If you do not have an existing FTC license at the time of the migration, FTC will automatically generate a one-year free transfer license for you to use for the number of end-users corresponding to the total number of FTM tokens that are transferred. After one year, you will have to purchase an FTC license to continue using the service.

Procedures

  1. Ensure that the FTM license has already been imported into the FortiGate. (The Token serial number under the FTM license may or may not have been assigned to users.)
  2. Submit ‘set FTM migration tag request’ to Customer Support (https://www.fortinet.com/support/contact) by providing the FGT serial number and the FTM license serial number. The CS team then confirms the pre-authentication from the customer and sets up the ‘FTM migration tag’.
  3. Once the tag has been set up, run the execute fortitoken-cloud migrate-ftm <FortiToken mobile license number> <vdom> command on the FortiGate. The command will transfer all users with FTM token auth under this FTM license to FTC auth method. You can find the FTM license number with the output of the show user fortitoken command, which has set license <FTM license number>.
  4. The tokens under the migrated license are then removed from the FOS GUI, and all users that have been migrated show up on the FTC GUI.
  5. Once the migration CLI command is completed, user log auth should work without any token data change.
  6. After the migration is completed, FTC will send out email to CS asynchronously 24 hours after the migration of the account. The email is notify CS to invalidate the FTM license and reset the migration tag. If you are migrating multiple FTM licenses, ensure that you migrate them together within 24 hours. Otherwise, you will have to re-submit the‘set FTM migration tag request’ request to CS.
  7. After the CS team has invalidated the FTM license and reset the migration tag, you may have to wait for up to 24 hours for the process to complete.

Verification

Check on the FOS portal:
  • All users with FTM token auth under this migrated FTM license are updated to FortiToken Cloud on the FGT portal (User & Authentication>User Definition).

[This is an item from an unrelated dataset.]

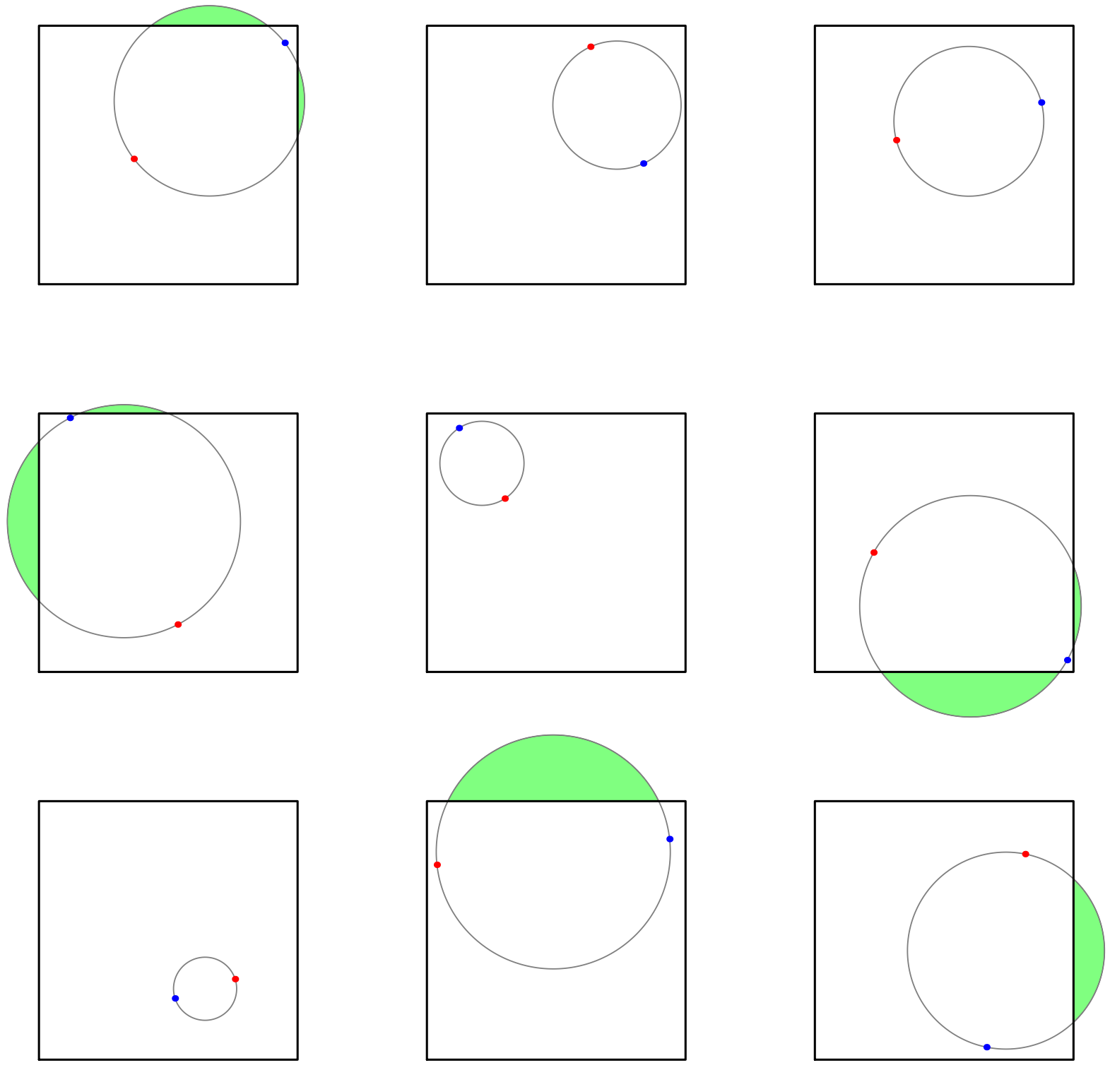 A circle is randomly generated by sampling two points uniformly and independently from the interior of a square and using these points to determine its diameter. What is the probability that the circle has a part of it that is off the square? Give your answer in exact terms.

  • The migrated FTM license is removed on the FGT portal (User & Authentication>FortiTokens). Tokens associated to the migrated FTM license will not show up in the token list.

Check on the FTC portal:
  • The migrated FTM license shows up on the FTC portal (Licenses).

  • The migrated MFA users show up on the FTC portal (Users).

  • The migrated FTM license quota has been added to the total FTC user quota and the assigned FTM token has been deducted from the total user quota (Dashboard).

End-user 2FA login authentication
  • FTM License migration does not affect end-user 2FA login authentication with FortiToken (i.e., end-users will not notice any change in their login authentication process).

Caution
  • Back up FortiGate configuration before starting the migration process.

  • Once the FTM license and its tokens are successfully migrated to FortiToken Cloud, they cannot be reversed.

  • The original FTM license is invalidated by the CS team once the migration is completed.

  • The request can be initiated only by a FGT admin.

  • FTM token migration is supported for trial accounts.

  • FTM token migration is not supported for credit-based accounts.

  • Before migrating an FTM license with a large number of associated users, be sure to set the FGT CLI Console timeout long enough to cover the entire process. If the Console times out while the migration is in progress, you can open another Console window and run the ‘diagnose fortitoken-cloud migrate-ftm show <FortiToken mobile license number>’ command to check the migration status.